Berdasarkan Peraturan Presiden Nomor 1 Tahun 2016 tentang BRG, ada tujuh provinsi yang menjadi prioritas restorasi gambut. Ketujuh provinsi itu antara lain Jambi, Sumatera Selatan, Riau, Kalimantan Barat, Kalimantan Tengah, Kalimantan Selatan, dan Papua.
Secara garis besar, selama ini BRG memiliki tiga program kerja utama dalam upaya restorasi gambut, yaitu pembasahan gambut (rewetting), pemulihan tutupan lahan pada ekosistem gambut melalui penanaman jenis tanaman asli (revegetasi), dan revitalisasi sumber mata pencarian masyarakat.

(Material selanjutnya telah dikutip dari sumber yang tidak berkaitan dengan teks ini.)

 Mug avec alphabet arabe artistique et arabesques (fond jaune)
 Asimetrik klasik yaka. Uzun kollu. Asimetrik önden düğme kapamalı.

Deputi Bidang Konstruksi, Operasi, dan Pemeliharaan BRG Alue Dohong mengatakan, khusus di Papua, pendekatan yang digunakan adalah revitalisasi ekonomi masyarakat.

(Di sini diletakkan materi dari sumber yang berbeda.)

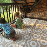 Like all of our unique outdoor mats, this medium size mat is easy to care for, store and transport. They are affordable and make a practical boundary between creepy crawlies, little stones and sticks that may hurt exposed feet, yet still allow air to flow through the mat to help safeguard the ground underneath.
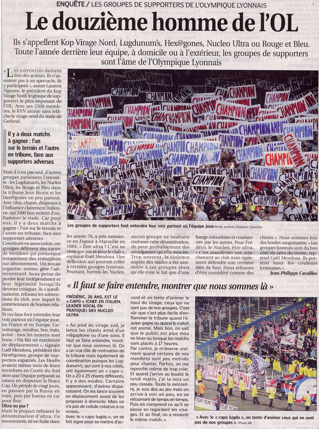 Posté(e) le 11 août 200520 a comment_86685 voici les articles tels qu'ils sont parus diamnche matin. Merci au journaliste qui sans prendre parti décrit assez justement la composition des tribunes de Gerland http://www.cnotremariage.fr/mariagea4 Signaler
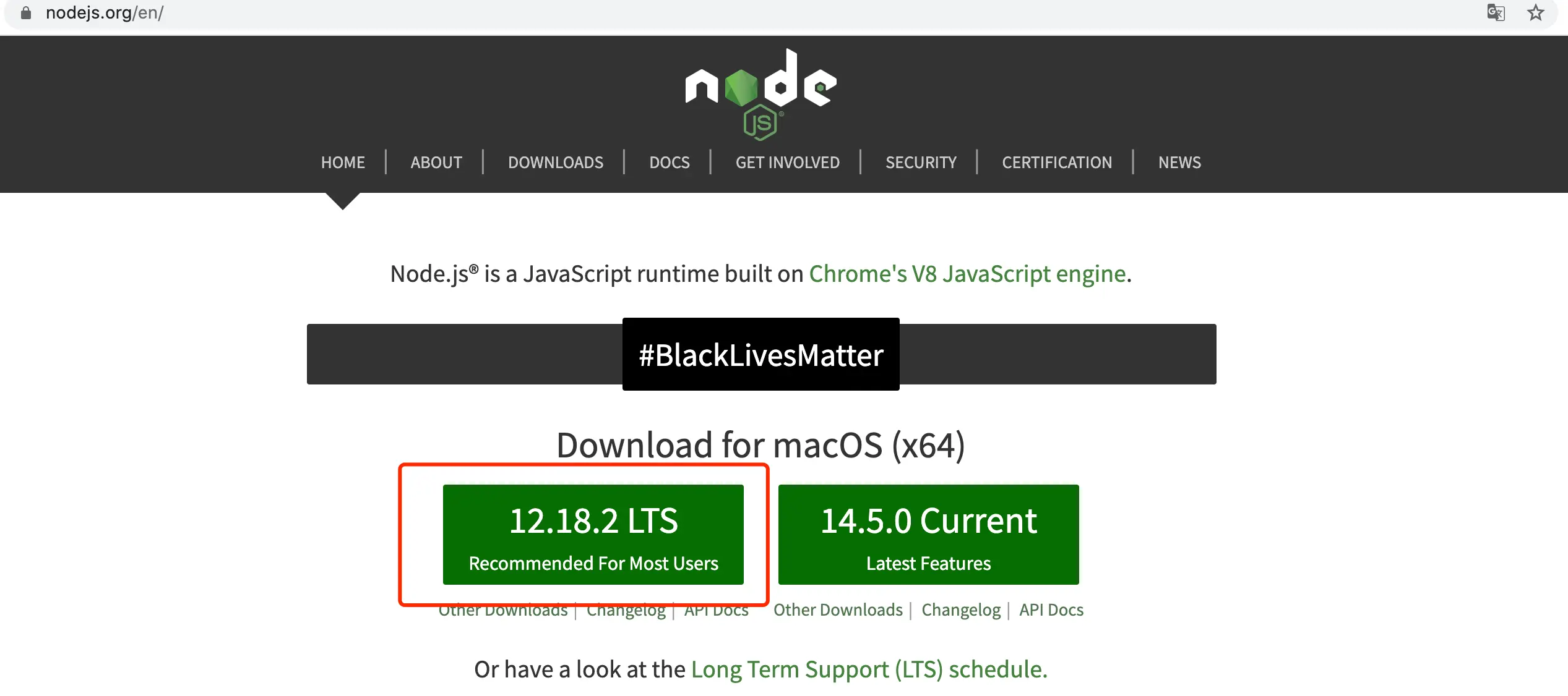 登录nodejs官网:nodejs官网
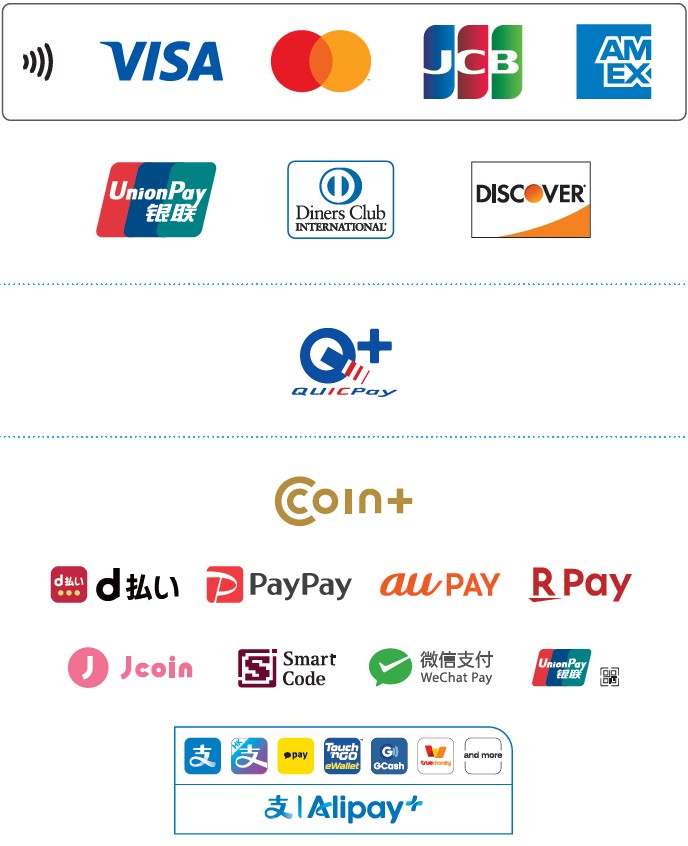・QRコード:PayPay/楽天ペイ/d払い/au PAY/Alipay+/UnionPay QRコード etc.
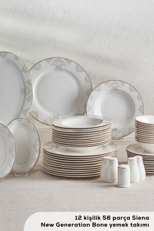 (منيز-سيينا) البورتسلين 56 قطعة عشاء مجموعة 12 شخص ذهب 153 03. 07. 8023

Berbeda dengan lahan gambut di Kalimantan dan Sumatera, yang mengalami degradasi parah akibat kebakaran lahan, pendekatan rewetting dan revegetasi tidak terlalu digunakan di Papua lantaran kondisi lahannya masih baik. Jumlah lahan gambut di Papua yang perlu direstorasi hingga 2020 seluas 39.239 hektar.
Bupati Mappi Kristosimus Yohanes Agawemu menyampaikan, masih banyak warga di daerahnya yang terbiasa membakar lahan dan berburu di kawasan konservasi. Kondisi itu menjadi tantangan terbesar dalam menjaga kualitas lahan gambut di Papua.

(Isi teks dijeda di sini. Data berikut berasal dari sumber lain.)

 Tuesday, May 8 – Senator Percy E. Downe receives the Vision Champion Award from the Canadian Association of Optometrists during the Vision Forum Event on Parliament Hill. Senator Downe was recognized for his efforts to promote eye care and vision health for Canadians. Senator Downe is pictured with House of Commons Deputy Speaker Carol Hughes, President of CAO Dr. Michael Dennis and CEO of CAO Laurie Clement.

Oleh sebab itu, dalam rangka menjaga kualitas lahan gambut, BRG bersama pemerintah daerah menggunakan pendekatan revitalisasi ekonomi. Caranya dengan menciptakan sumber-sumber mata pencarian baru.
Dengan begitu, masyarakat yang awalnya bermata pencarian sebagai pemburu atau mengambil kayu di hutan konservasi bisa dialihkan untuk menekuni mata pencarian baru mereka. Di Kabupaten Mappi, misalnya, Kristosimus mendorong masyarakat untuk mulai menanam pohon sagu.
”Karena sagu merupakan makanan pokok di sini. Dengan langkah ini, sagu menjadi tidak dilupakan sekaligus mengoptimalkan pendapatan masyarakat,” kata Kristosimus.
Di Kabupaten Merauke, BRG mendorong masyarakat di sana untuk beternak babi. Mayoritas masyarakat Merauke mengonsumsi daging babi sehingga beternak babi dirasa cocok untuk meningkatkan taraf hidup warga.
Salah seorang peternak babi di Merauke, Agustina (34), mengatakan, semenjak beternak babi enam bulan lalu, sejumlah warga mulai meninggalkan kebiasaan berburu dan membakar lahan di wilayah konservasi Taman Nasional Wasur, Merauke.